::: Available data :::

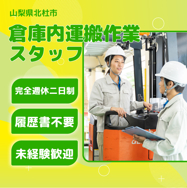 給与詳細 月収例 300,000円 日給例 15,000円 勤務地 山梨県北杜市 仕事内容 倉庫内でハンドリフト等を使用した運搬作業、入荷仕分け・出荷準備
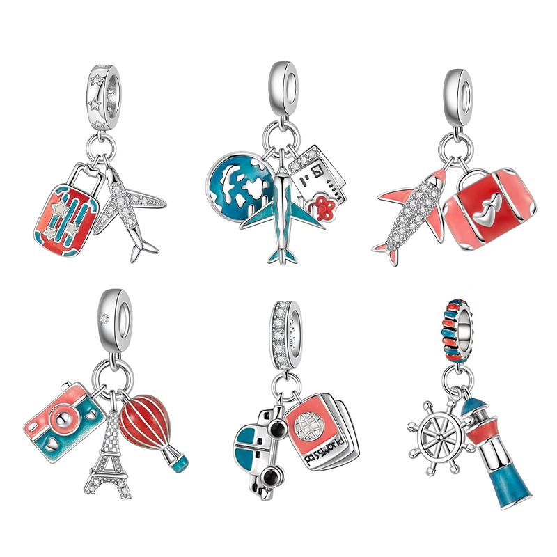 New Original Charm Copper Luminous Airplane Travel Two-Piece Set Charm Bead Fit 3Mm Original Bracelet Women Diy Fine Jewelry
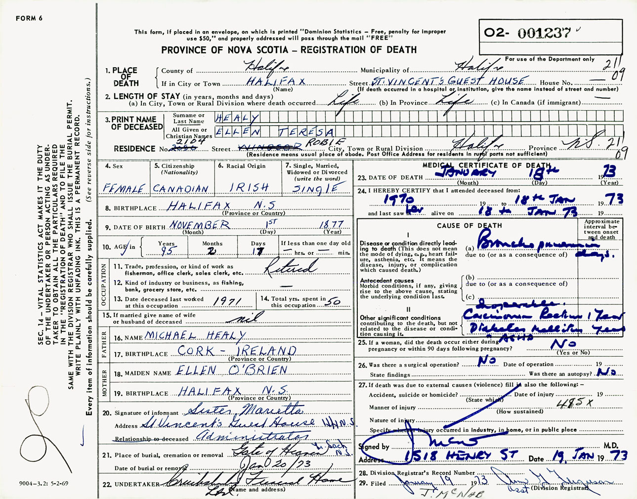 Female Death Registration: Year: 1973 number: 1237
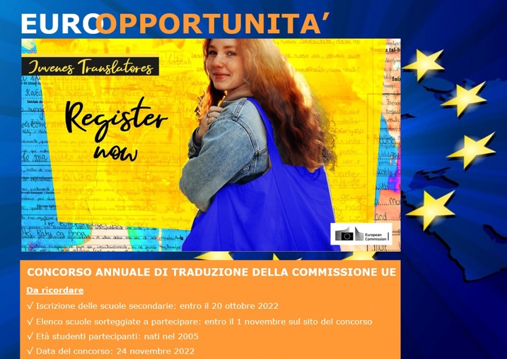 Al via la nuova edizione 2022 di Juvenes Translatores, il concorso annuale di traduzione della Commissione europea. Fino al 20 ottobre 2022, le scuole secondarie italiane possono iscriversi online per consentire ai propri studenti di competere con i coetanei degli altri paesi dell'Unione. Gli insegnanti possono compilare il modulo di iscrizione in una delle 24 lingue ufficiali dell'UE.

:::

In the data above, the line containing "New Original Charm" and all lines after it are to be reproduced exactly, leaving out the pictures.

§ **Finished task**
 New Original Charm Copper Luminous Airplane Travel Two-Piece Set Charm Bead Fit 3Mm Original Bracelet Women Diy Fine Jewelry
 Female Death Registration: Year: 1973 number: 1237
 Al via la nuova edizione 2022 di Juvenes Translatores, il concorso annuale di traduzione della Commissione europea. Fino al 20 ottobre 2022, le scuole secondarie italiane possono iscriversi online per consentire ai propri studenti di competere con i coetanei degli altri paesi dell'Unione. Gli insegnanti possono compilare il modulo di iscrizione in una delle 24 lingue ufficiali dell'UE.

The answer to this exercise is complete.